Ну, выпили за мое здоровье, за ее здоровье, за интернациональные долги наши тяжкие. Лялечка пила не так, как в компаниях: заглатывала, как отощавшая щука. И тараторила без умолку:
— Знаешь, меня возмутило поведение Тамары. Конечно, официальная бумага и все такое… Но надо же ждать и верить. Женщина всегда должна верить и ждать!
Женщина — возможно, но я ждать уже не мог. И сграба-стал ее прямо за столом. И поволок на ближайшее ложе, как паук муху-цокотуху.
— Что ты!.. Что ты… Милый…
Н-да. Неприятный абзац, но абзацев из рукописи, именуемой жизнью, уже не исключишь. Как бы ни тужился.
Но все это — как бы между прочим, хотя потом отозвалось. Всякое взрывное действие порождает отдачу. Это я утверждаю как знаток стреляющей продукции.
Дело в том, что Лялечка при всей своей ветчинности со слезой была наивна до опасной грани идиотизма, доверчива и чудовищно общительна. И этот довольно хмельной для мужиков коктейль сыграл со мной в подкидного, оставив, естественно, в дураках.
Впрочем, будем честными, не перегружая Лялечкин интеллект заранее разработанными интригами. Во всем была виновата ее почти гениальная простота.
Впервые она, эта самая простота, обернулась для меня весомой, но не губительной историей одного Лялиного знакомства.
Знакомство завязалось в Москве, куда на экскурсию Лялечку отправил супруг, кажется, уже что-то почувствовавший. Ляля вернулась из столицы в радостном перевозбуждении и при первой же нашей обеденной встрече вывалила на меня… Нет, не репертуар театров, не красоты Москвы и даже не богатство ее магазинов. А — восторг по поводу внезапного московского знакомства.
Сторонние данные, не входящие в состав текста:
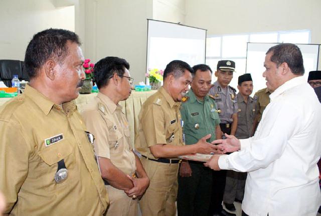 Bupati Inhu H Yopi Arianto, SE menyerahkan piagam penghargaan kepada Camat Pasir Penyu Syahruddin, MT.
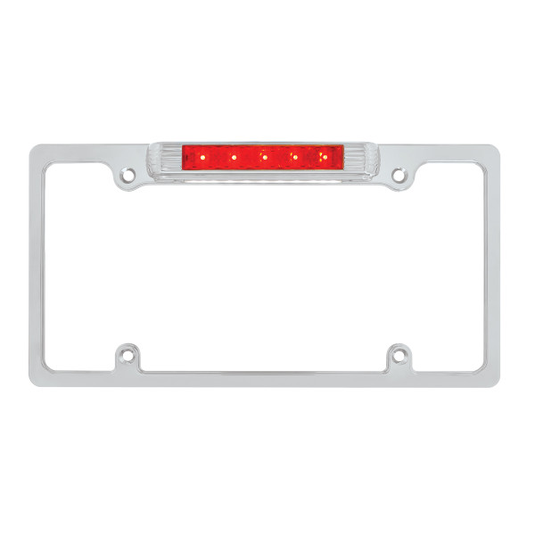 Chrome Motorcycle License Plate Frame With 3rd Brake Light - Red LED/Red Lens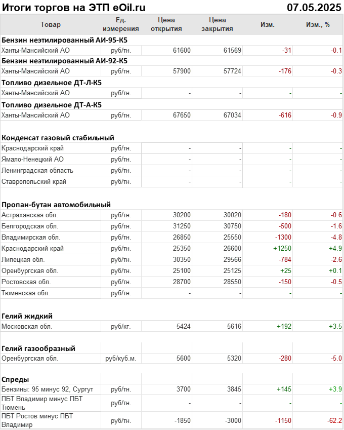 Итоги торгов на ЭТП eOil.ru 7 мая 2025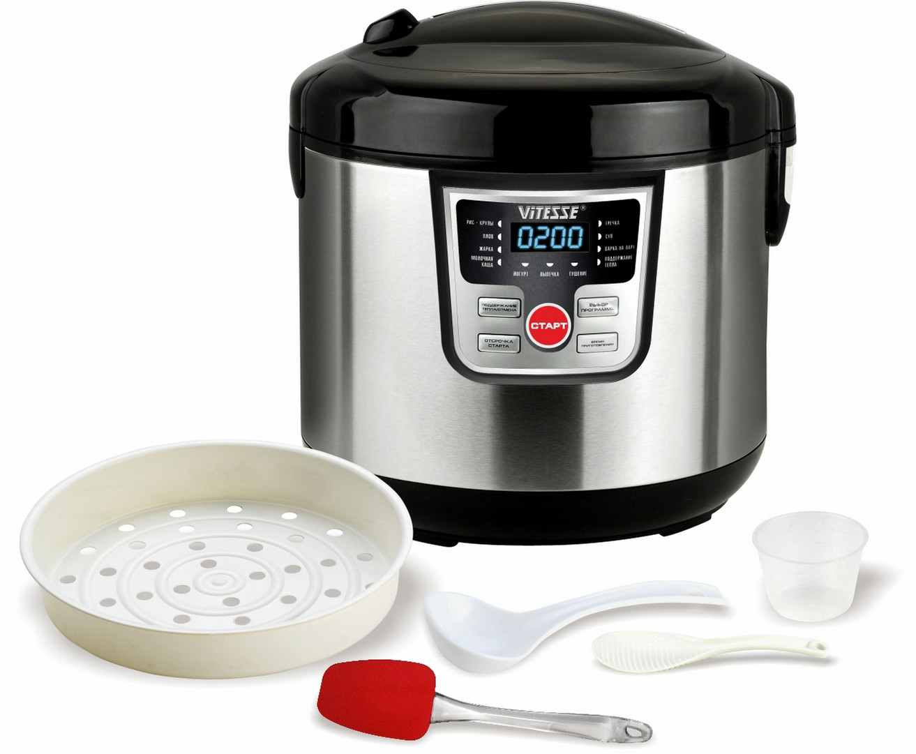ViTESSE VS-581. Capacity: 5 L, Power: 900 W, Cooking programs: Meat, Soup, Steam. Colour of product: Black, Stainless steel, Display type: LED. AC input voltage: 220-240 V, AC input frequency: 50/60 Hz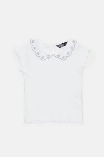 بلوزة بياقة مطرزة باللون الأبيض للبنات حديثي الولادة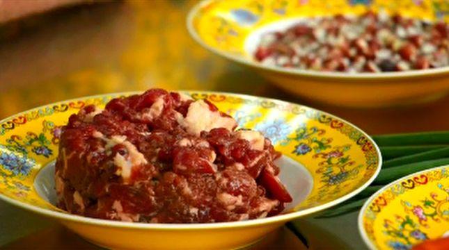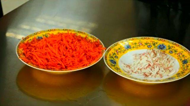 1.牛肉提前1小时用料酒和生抽腌制好,胡萝卜和淮山刮成丝。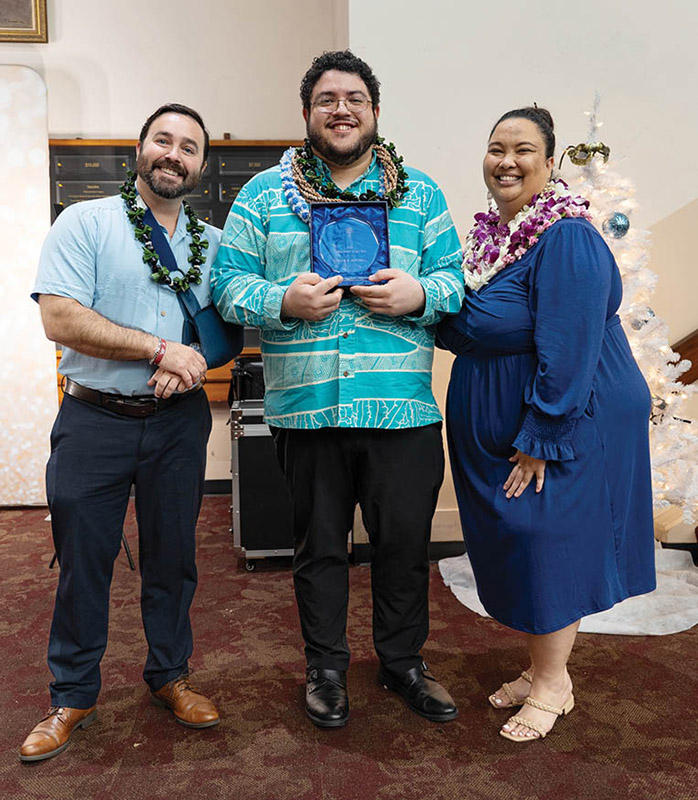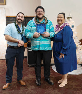 Above: Bishop Larry Silva received EPIC Ministry’s EPIC Award at the organization’s annual Christmas banquet. Alex Cook, left; Deacon Taylor K. Mitchell; and Christine Licato were the finalists for EPIC Ministry’s Young Adult of the Year award. (Courtesy Kainoa Fukumoto)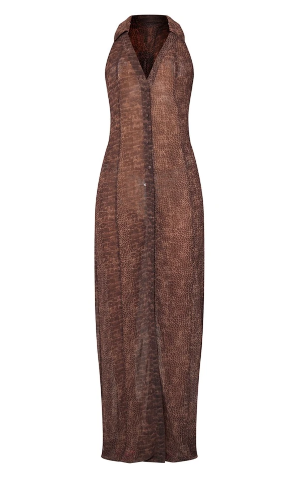 Totalement fans de cette robe Ă la coupe longue. On aime sa matière en mousseline de soie de couleur chocolat et son imprimĂ© croco stylĂ© que l’on porte avec une paire de talons hauts et quelques accessoires. Vous allez faire sensation.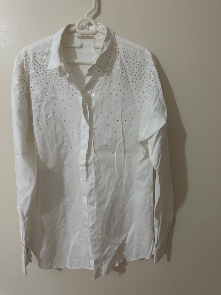 Network Beyaz, önün taşlı XS beden ( kalıbı çok geniş, M bedene rahatlıkla olur) % 100 pamuk Uzun kollu gömlek 2 koltuk arası: 55 cm, 2 omuz arası: 53 cm, uzunluk ( omuzdan etek ucuna): 61 cm.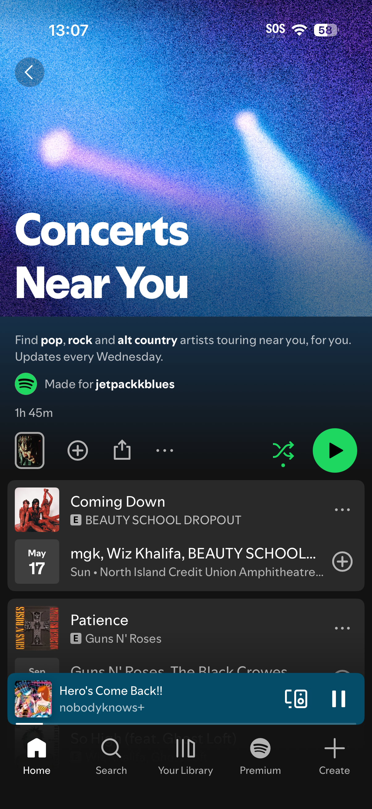 Now that the user has pressed on the Concerts Near You page, the subsections open up to two rows, and there are three categories total: concerts happening this week, concerts from artists in your library, and tours that have just been announced.

— Она — чудо, чудо! А матери-одиночки — ужас, ужас! Она показывала их письма с мольбой о помощи и фотографии. Впрочем, ты сам с нею вскоре познакомишься, я пригласила ее в нашу Глухомань. У нас ведь нисколько не меньше матерей-одиночек, чем в столице, ведь правда?
Таинственная «ОНА» и вправду вскоре пожаловала.
— Ольга. Очень приятно.
Крепкое рукопожатие, умный взгляд с чуть заметной искринкой иронии, хороша собой настолько… насколько все это, вместе взятое, не соответствовало ее дружбе с глупышкой Лялей. Здравая мысль об этом вспыхнула у меня вдруг, при первом знакомстве. Но, вспыхнув, столь же внезапно и погасла, и я не успел обратить внимания на красный сигнал: «Стоп».
Выяснилось, что она, то бишь Ольга, и впрямь невероятно озабочена судьбой всеми позабытых матерей-одиночек и их полунадзорных — в лучшем случае — скороспелых детей. Она писала статьи в газеты, привлекая общественное внимание, трижды обращалась с письмами в правительство и в конце концов получила согласие на создание некоего общественного фонда в помощь этим самым легкомысленным матерям. Ей даже предоставили помещение — знаю о статьях, письмах, разрешении власть предержащих из копий всех этих письменных следов борьбы за справедливость. Она притащила толстую папку и показывала ее всем, кому надо показывать в нашей Глухомани. А показывать надо было тем, кто имеет доступ к внутренним социальным фондам предприятий, каковых в нашей Глухомани оказалось достаточно. Вызвав острое желание помочь несчастным — а это она умела делать, уж поверьте! — Ольга просила наличными, ссылаясь на долги, которые успела наделать, затеяв ремонт в полученном помещении.